Read our interview with theoretical physicist John Ellis
How the Universe may have lost its antimatter
Step 1
Birth of the Universe in the Big Bang 13.8 billion years ago, marked by a period of extremely rapid expansion (inflation), and creation of both matter and anti- matter particles in equal amounts.
Step 2
Matter and anti-matter particles undergo mutual annihilation, releasing vast amounts of gamma radiation.
Step 3
Absolutely perfect annihilation is blocked by a combination of the expansion of the Universe and the effect of CP violation, ensuring more matter survives than antimatter.
Step 4
Radiation leaves a fingerprint in the number of photons to particles in the cosmos, as seen in this cosmic microwave background, suggesting matter and antimatter annihilated each other to within one part per billion.
Step 5
Around nine billion years after the annihilation process ends, around 1057 particles of matter come together under gravity to form the Solar System.
What would an antimatter Universe be like?
What if the Universe were made up entirely of antimatter? To answer this, we must first recognise that every subatomic particle has an antiparticle with opposite properties.
The antiparticle of the negatively charged electron, for example, is the positively charged positron.
Antiparticles can combine to make anti-atoms and, ultimately, antimatter.
Crucially though, the photon – the particle of light – is its own antiparticle. Consequently, if the Universe were made of antimatter, it would look no different!
So, how do we know the stars are not antistars and the galaxies are not antigalaxies?
Well, when particles of matter and antimatter meet they ‘annihilate’ each other: their mass-energy flashes into high-energy light, or gamma rays.
We know there are no antistars in our Galaxy or antigalaxies in the Local Group because matter mingles within these systems, yet we see no annihilation radiation.
It looks as if we live in a Universe of matter.
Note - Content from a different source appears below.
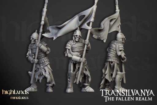 Skeleton with Banner - Highlands Miniatures - Usługa Druku 3D Figurki do RPG lub Gier Bitewnych
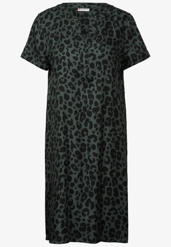 Deze tuniekjurk van Street One voor dames heeft een abstract luipaardpatroon. Korte mouwen en een gespleten hals zorgen voor een zomerse flair, terwijl de lichtgewicht viscose stof deze zomerjurk comfortabel maakt om te dragen.

This is a mystery because particles and their antiparticles are always created together.
So why does the Universe not contain a 50:50 mix of matter and antimatter?
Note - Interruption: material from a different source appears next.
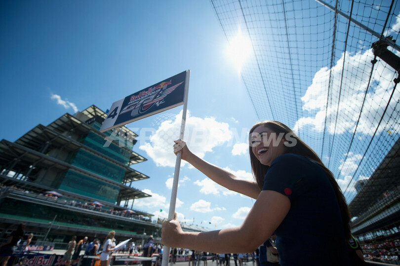 笑顔を見せるレースクイーン(2012年8月19日撮影)。(c)AFP/Getty Images/Mirco Lazzari

A clue comes from the fact that there are about 30 billion photons for every particle of matter.
This can be explained if, in the Big Bang, 30 billion and one particles of matter were created for every 30 billion particles of antimatter.
After annihilation, there would be no antiparticles and one particle from every 30 billion photons.
So, is there a fundamental asymmetry in the laws of physics that slightly favours the production of matter over antimatter?
Remarkably yes, and its name is ‘CP violation’.
Currently, experiments are underway to see whether the asymmetry is big enough to account for our matter-dominated universe.